Ну, конечно же, в Рюэйль, в дом покойницы, урожденной Вароль (появившейся на свет еще при Второй империи!), единственной дочери уже не молодых в ту пору родителей: толстого краснолицего полковника национальной гвардии Эрика Вароля д'Эндук, по прозвищу Индюк, взятого вместе с императором в плен при Седане, и его домоправительницы Леони, на которой он женился вовсе не по необходимости, а на следующий день после того, как она получила наследство, которое позволило ему счесть ее достойной себя (папа очень любил рассказывать нам по секрету эту историю). Я знал, что вилла в Рюэйле, куда, оставив политику и квартиру на улице Пуссена в Париже, Плювиньеки удалились еще в 1930 году, заботясь о своем долголетии, довольно обширна и что на нее зарится Марсель. Но почему же матушка до сих пор не там? Разве она не присутствовала при кончине бабушки? В общем, я знал об этом далеко не все, вернее, я почти ничего не знал.
— У нее есть где остановиться в Париже? — спросила Бергиль, вешая трубку.
— Возможно… Так или иначе, поехали!
Детей не было дома, в том числе и Саломеи — она сдавала экзамен, чтобы получить водительские права.
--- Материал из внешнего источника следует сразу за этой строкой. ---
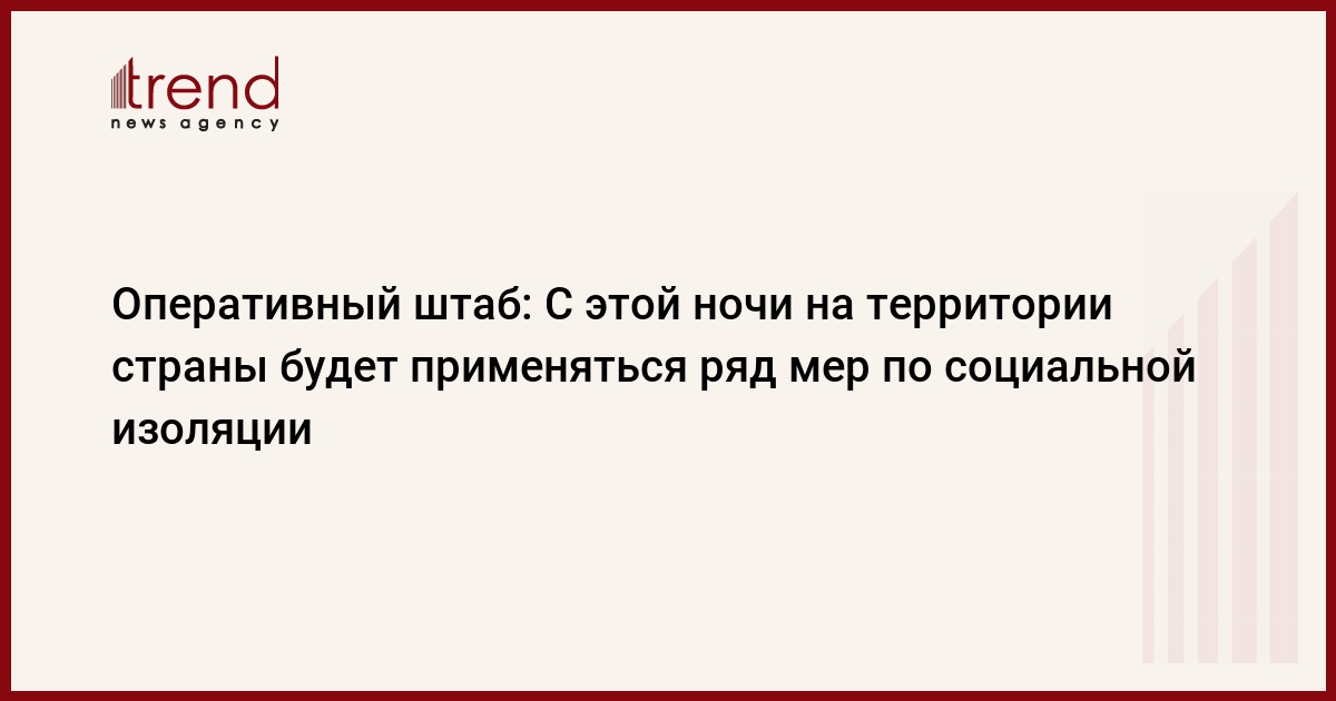 Как сообщает в пятницу Trend, Оперативный штаб при Кабинете министров Азербайджана проводит ряд мероприятий по социальной изоляции, которые будут применены на территории страны с 00:00 14 марта 2020 года:
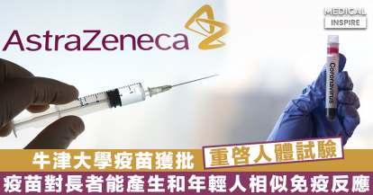 【新冠疫苗】牛津大學新冠疫苗獲批重啓第三階段人體試驗,藥廠指疫苗對長者能產生和年輕人相似免疫反應。

Мы второпях оделись, нацарапали записку, оставили ключ соседке и помчались в гараж, где наш «ситроен» ожидал конца наводнения. Бертиль — почти всегда машину ведет она — уступила мне руль и за весь путь, вместо того чтобы по обыкновению придираться к водителю, не проронила ни слова. Я же, искоса на нее поглядывая, думал: вчера ей было интересно разыгрывать из себя невестку; сегодня эта роль внушает ей беспокойство. День стоял серый, рестораны были полны, движение на дорогах — умеренное. В полдень я входил в привратницкую на улице Вано.
Матушка, которая ела бутерброд, наполовину торчавший из жирного бумажного пакета, сунула все это в карман своего пальто и встала.
— Счастливо оставаться, Мелани, — сказала она, обратившись на «ты» к монументальной привратнице, не сводившей с меня глаз. — Если я к вечеру не приеду, то позвоню тебе.
Она устроилась на заднем сиденье машины и вновь принялась жевать бутерброд, со смиренной прожорливостью вонзая в него свои золотые зубы.
— Пари держу, что вы не успели поесть, — сказала она, не переставая жевать. Потом, без всякого перехода: — Ты узнал Мелани?